Beginning with the line that contains "URL에 리포지토리의 주소를", repeat each line exactly through the end of the listing below. Pictures stay out.

▸ STORED DATA:
____

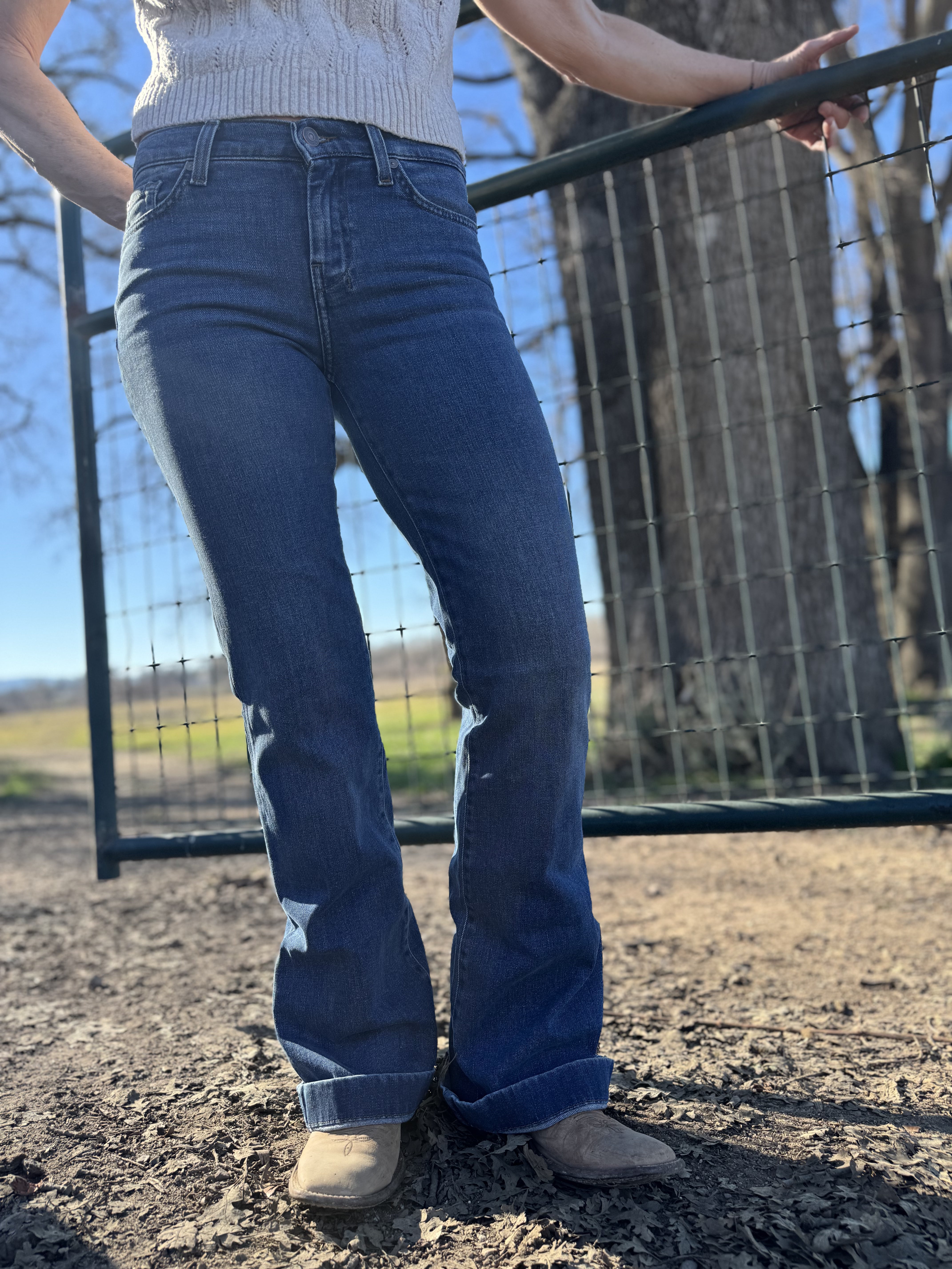 Fits like: Fitted through the hips and thighs. This mid-rise denim has a wide full-length leg and a subtle flare for a long, lean silhouette.
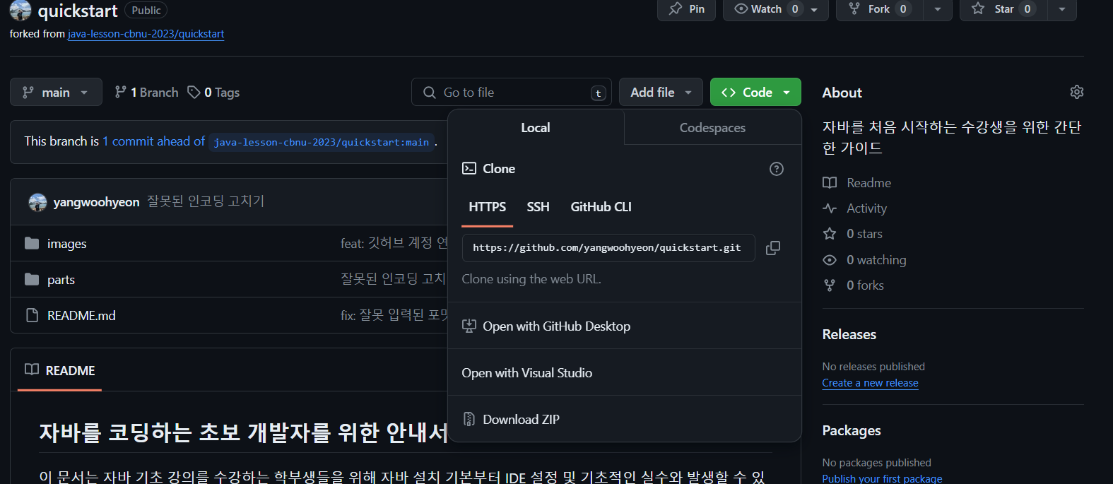 URL에 리포지토리의 주소를 복사하고 실행하면 아래 사진과 같이 잘 Clone 된것을 확일 할 수 있다
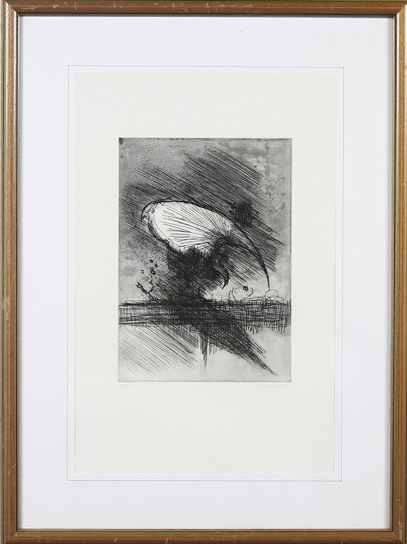 GHERMANDI QUINTO (1916 - 1994) Senza titolo. Acquaforte. Cm 54,00 x 73,00. Misure lastra 34x24,5 cm. Tir. 73/80 e firma in basso a matita. Cornice presente

____

▸ YOUR RESPONSE:
 URL에 리포지토리의 주소를 복사하고 실행하면 아래 사진과 같이 잘 Clone 된것을 확일 할 수 있다
 GHERMANDI QUINTO (1916 - 1994) Senza titolo. Acquaforte. Cm 54,00 x 73,00. Misure lastra 34x24,5 cm. Tir. 73/80 e firma in basso a matita. Cornice presente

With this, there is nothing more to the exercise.